▶ _Your objective_: Would you restate each entry word for word, omitting the pictures?

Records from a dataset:
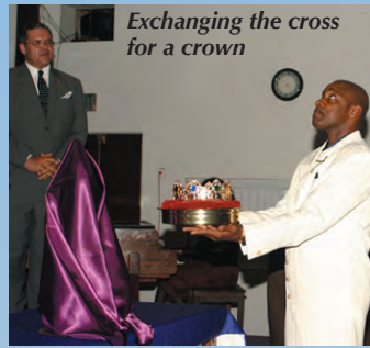
Exchanging the cross for a crown
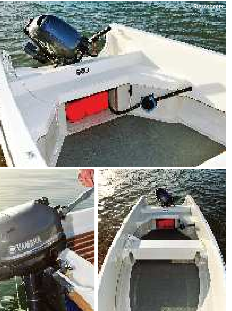
The new hull is super efficient and will
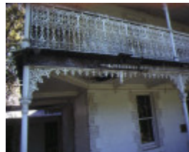
innisfail heathcote detail lacework oct1980
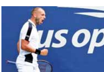
minutes, when Stefan Edberg beat Michael Chang in a five-setter in the 1992 semifinals. "I was hurting all over, really," said the

longest match at the U.S. Open since tiebreakers were introduced in 1970, beating Karen Khachanov 6-7 (6), 7-6 (2), 7-6 (4), 4-6, 6-4 on Tuesday in 5 hours, 35 minutes. Evans trailed 4-0 in the fifth set before running off the final six games. The final point, fittingly, was a marathon 22-shot rally, with Evans on the defensive for much of the point before hitting a hard shot to the corner that set No. 23-seeded Khachanov couldn't get back over the net with his backhand. The previous record was 5 hours, 26
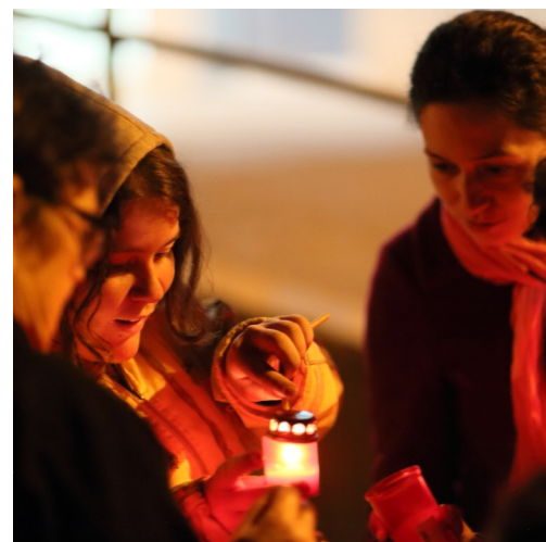
Easter Eve—youth and staff received and carried the light back to Speranța from the midnight service.
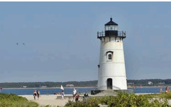
Lighthouse overlooking Vineyard Sound
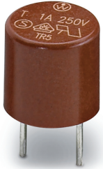
Replacement fuse, for INTERBUS-ST modules

Please be informed that the data shown in this PDF Document is generated from our Online Catalog. Please find the complete data in the user's documentation. Our General Terms of Use for Downloads are valid ( http://phoenixcontact.com/download )
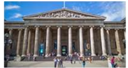
The British Museum

The newly formed Classics Department offers Classical Civilisation at both GCSE and A level and continues to offer Latin as an extra-curricular subject. We have recently collaborated with the Art Department with regards to a trip to Rome and Sorrento in the summer and we are very pleased with the popularity of this trip amongst our cohort. Looking forward to the year ahead, we are expecting a talk aimed at Year 9 from an Oxford Classicist, a trip to the British Museum and our first cohort of Year 13s sitting their A level exams. All very exciting!
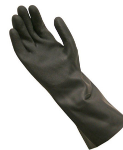
Neoprene Gloves (for HF use)

Have you ever used a chainsaw to cut a sandwich? Pliers to pluck your eyebrows? No, because that would be nonsense. It's the same idea for choosing gloves inside the lab. One must select the proper glove to get the adequate protection for any job that you may be doing. Gloves are made of various materials and each has a unique function, i.e., chemical resistant gloves, cut resistant gloves, temperature resistant gloves, etc.
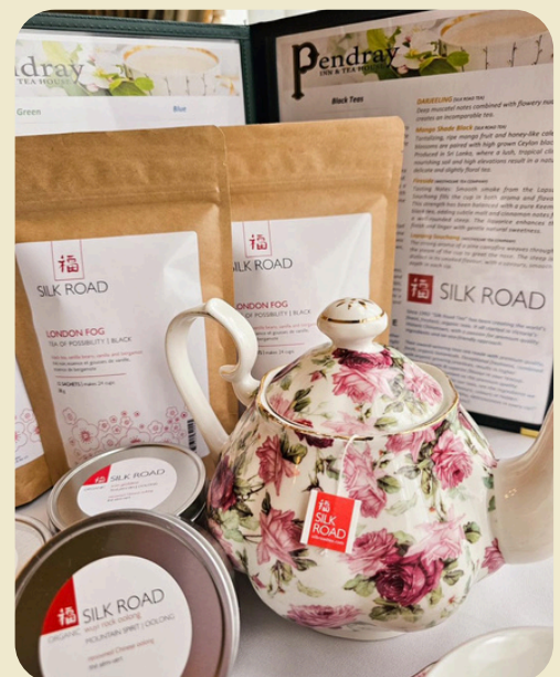
Local organic Silk Road Tea
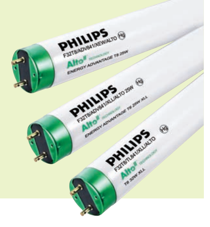
Philips T8 25W Extra Long Life Lamps featuring ALTO II™ Technology have a picogram per lumen-hour score of 20.

Exception: Screw-based, integral compact fluorescent Potential Technologies & Strategies lamps (CFLs) may be excluded from both the plan and the performance calculation if they comply with the Establish and follow a lamp-purchasing program that voluntary industry guidelines for a maximum mercury sets a minimum level of mercury content and life for all content published by the National Electrical Manufacturers mercury-containing lamp types. Work with suppliers to specify these requirements for all future purchases."5 Association (NEMA), as described in the LEED for Existing Buildings: Operation & Maintenance Reference 5) "LEED for Existing Buildings, Operations and Maintainance" January 2008, pgs. 51–52. https://www.usgbc.org/ShowFile.aspx?DocumentID=3617 Guide. Screw-based, integral CFLs that do not comply
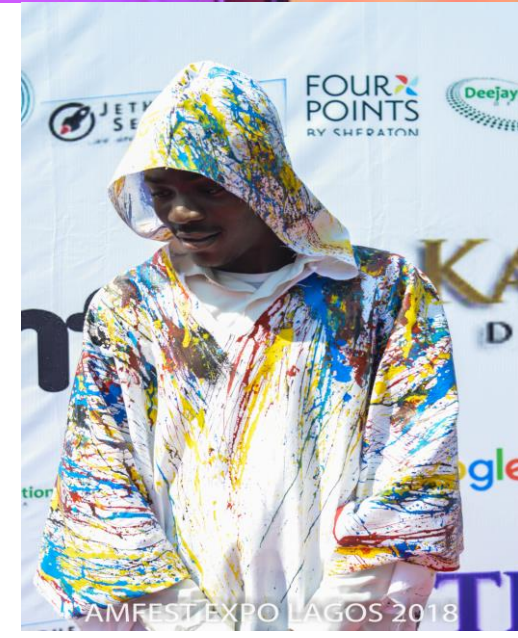
AMFEST EXPO LAGOS 2018
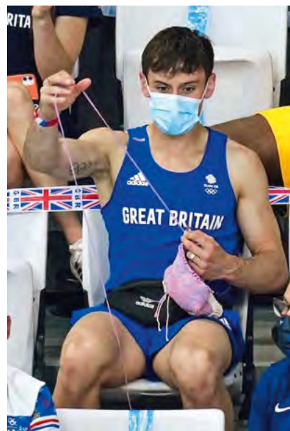
Fig. 6: Tom Daley knitting a sweater at the Tokyo Olympics, 2020

I put all my emotional charge, all my intensity into it. The important thing for me is that it was an original gesture, I wasn’t interested in what people might read into it. Where gender disparity is concerned,
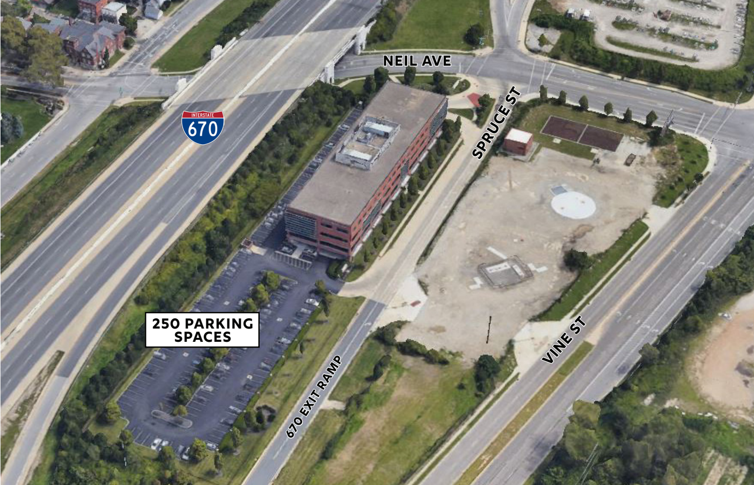
Two forms of egress/ingress*
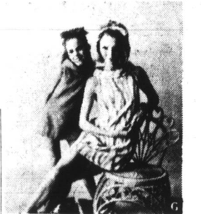
#8776 for girls sizes 7-14.

The London-born mini-dress is swarming over American shores. One "mini" that could establish a beachhead all by itself is McCall's simple A-shape, featured in Pattern #8744 for misses, and
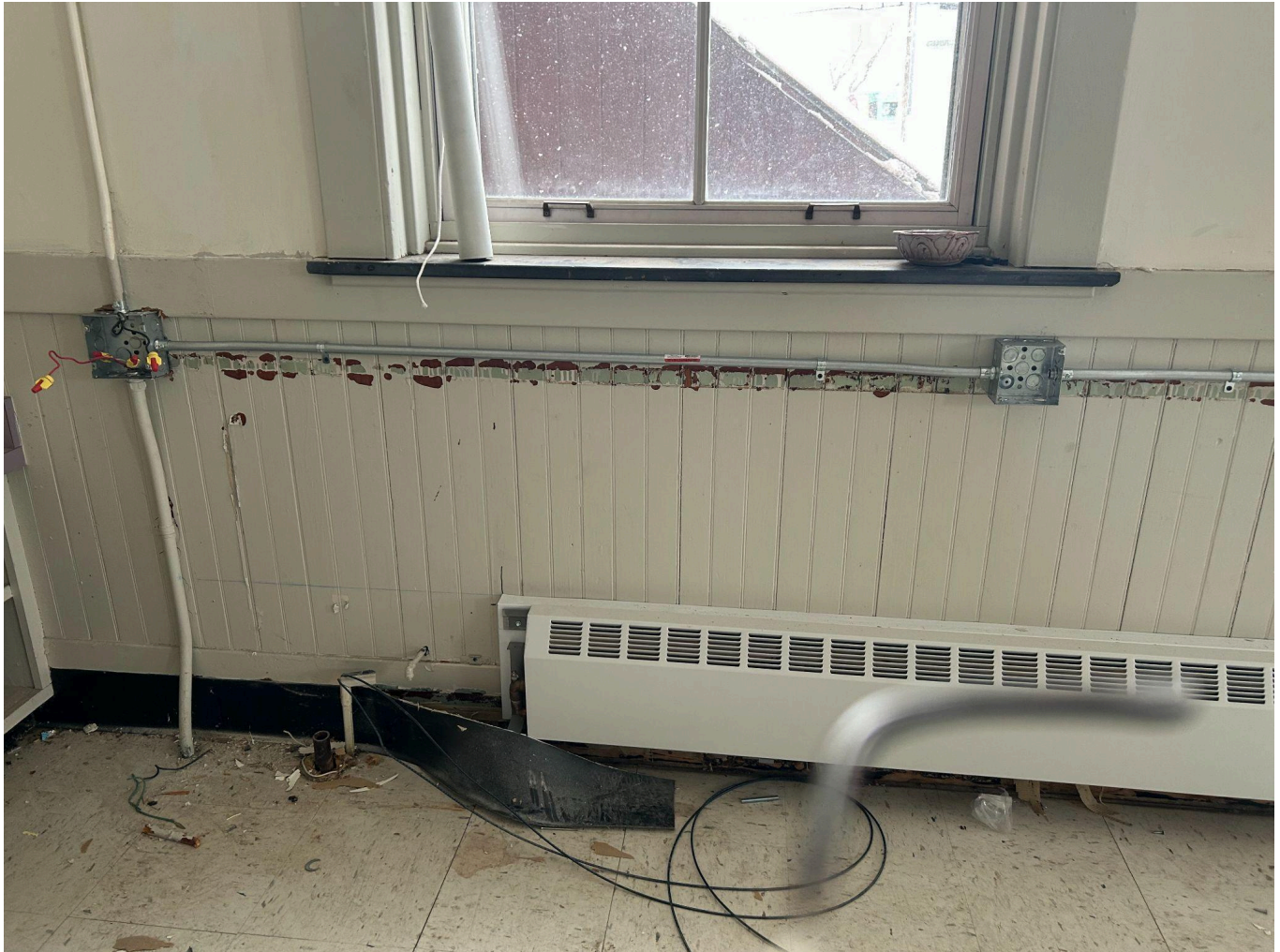
A picture showing the installation of JBoxes and conduit in the classrooms of the 1904 wing of the building. The BSD electrical team is doing this work, as a cost savings to the project. The old wire mold outlets were found by the Burlington Electrical Inspector to be non code compliant.
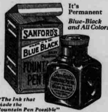
"The Ink that Made the Fountain Pen Possible"
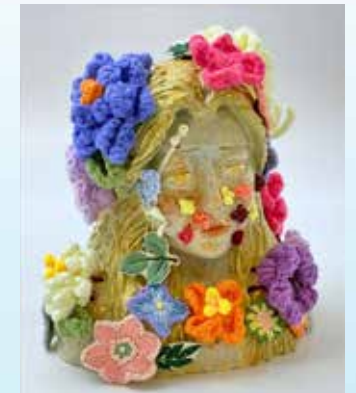
Ng Yee Ching, BA(CAC) & BEd(VA) Year 2 Untitled (2025) Ceramics, embroidery and crochet
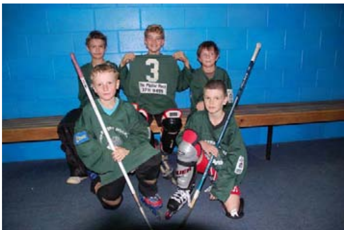
Sponsors of Junior Vikings
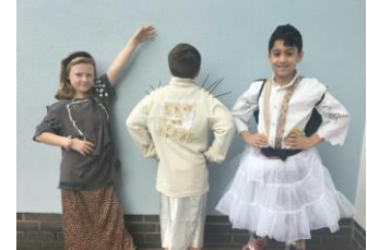
Clothing designs inspired by Vivienne Westwood

https://www.bewseylodge.co.uk/our_school/children_s_voice/friendship-awards/?cms=true
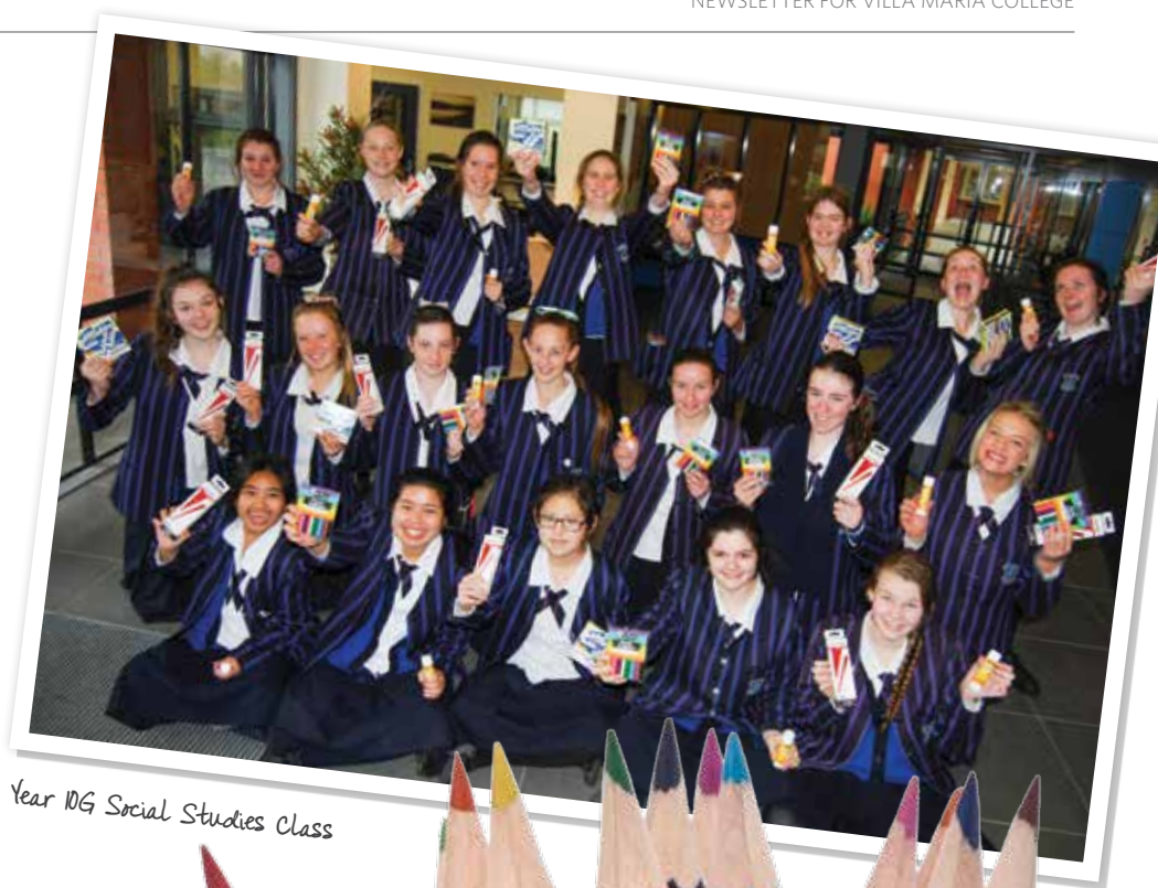
Year 10G Social Studies Class

10G students would also like to thank stationery supplier Eeny Meeny who donated 130 packets of crayons to go to the kids of Gilberthorpe School.

▶ _Solution to this exercise_:
Exchanging the cross for a crown
The new hull is super efficient and will
innisfail heathcote detail lacework oct1980
minutes, when Stefan Edberg beat Michael Chang in a five-setter in the 1992 semifinals. "I was hurting all over, really," said the

longest match at the U.S. Open since tiebreakers were introduced in 1970, beating Karen Khachanov 6-7 (6), 7-6 (2), 7-6 (4), 4-6, 6-4 on Tuesday in 5 hours, 35 minutes. Evans trailed 4-0 in the fifth set before running off the final six games. The final point, fittingly, was a marathon 22-shot rally, with Evans on the defensive for much of the point before hitting a hard shot to the corner that set No. 23-seeded Khachanov couldn't get back over the net with his backhand. The previous record was 5 hours, 26
Easter Eve—youth and staff received and carried the light back to Speranța from the midnight service.
Lighthouse overlooking Vineyard Sound
Replacement fuse, for INTERBUS-ST modules

Please be informed that the data shown in this PDF Document is generated from our Online Catalog. Please find the complete data in the user's documentation. Our General Terms of Use for Downloads are valid ( http://phoenixcontact.com/download )
The British Museum

The newly formed Classics Department offers Classical Civilisation at both GCSE and A level and continues to offer Latin as an extra-curricular subject. We have recently collaborated with the Art Department with regards to a trip to Rome and Sorrento in the summer and we are very pleased with the popularity of this trip amongst our cohort. Looking forward to the year ahead, we are expecting a talk aimed at Year 9 from an Oxford Classicist, a trip to the British Museum and our first cohort of Year 13s sitting their A level exams. All very exciting!
Neoprene Gloves (for HF use)

Have you ever used a chainsaw to cut a sandwich? Pliers to pluck your eyebrows? No, because that would be nonsense. It's the same idea for choosing gloves inside the lab. One must select the proper glove to get the adequate protection for any job that you may be doing. Gloves are made of various materials and each has a unique function, i.e., chemical resistant gloves, cut resistant gloves, temperature resistant gloves, etc.
Local organic Silk Road Tea
Philips T8 25W Extra Long Life Lamps featuring ALTO II™ Technology have a picogram per lumen-hour score of 20.

Exception: Screw-based, integral compact fluorescent Potential Technologies & Strategies lamps (CFLs) may be excluded from both the plan and the performance calculation if they comply with the Establish and follow a lamp-purchasing program that voluntary industry guidelines for a maximum mercury sets a minimum level of mercury content and life for all content published by the National Electrical Manufacturers mercury-containing lamp types. Work with suppliers to specify these requirements for all future purchases."5 Association (NEMA), as described in the LEED for Existing Buildings: Operation & Maintenance Reference 5) "LEED for Existing Buildings, Operations and Maintainance" January 2008, pgs. 51–52. https://www.usgbc.org/ShowFile.aspx?DocumentID=3617 Guide. Screw-based, integral CFLs that do not comply
AMFEST EXPO LAGOS 2018
Fig. 6: Tom Daley knitting a sweater at the Tokyo Olympics, 2020

I put all my emotional charge, all my intensity into it. The important thing for me is that it was an original gesture, I wasn’t interested in what people might read into it. Where gender disparity is concerned,
Two forms of egress/ingress*
#8776 for girls sizes 7-14.

The London-born mini-dress is swarming over American shores. One "mini" that could establish a beachhead all by itself is McCall's simple A-shape, featured in Pattern #8744 for misses, and
A picture showing the installation of JBoxes and conduit in the classrooms of the 1904 wing of the building. The BSD electrical team is doing this work, as a cost savings to the project. The old wire mold outlets were found by the Burlington Electrical Inspector to be non code compliant.
"The Ink that Made the Fountain Pen Possible"
Ng Yee Ching, BA(CAC) & BEd(VA) Year 2 Untitled (2025) Ceramics, embroidery and crochet
Sponsors of Junior Vikings
Clothing designs inspired by Vivienne Westwood

https://www.bewseylodge.co.uk/our_school/children_s_voice/friendship-awards/?cms=true
Year 10G Social Studies Class

10G students would also like to thank stationery supplier Eeny Meeny who donated 130 packets of crayons to go to the kids of Gilberthorpe School.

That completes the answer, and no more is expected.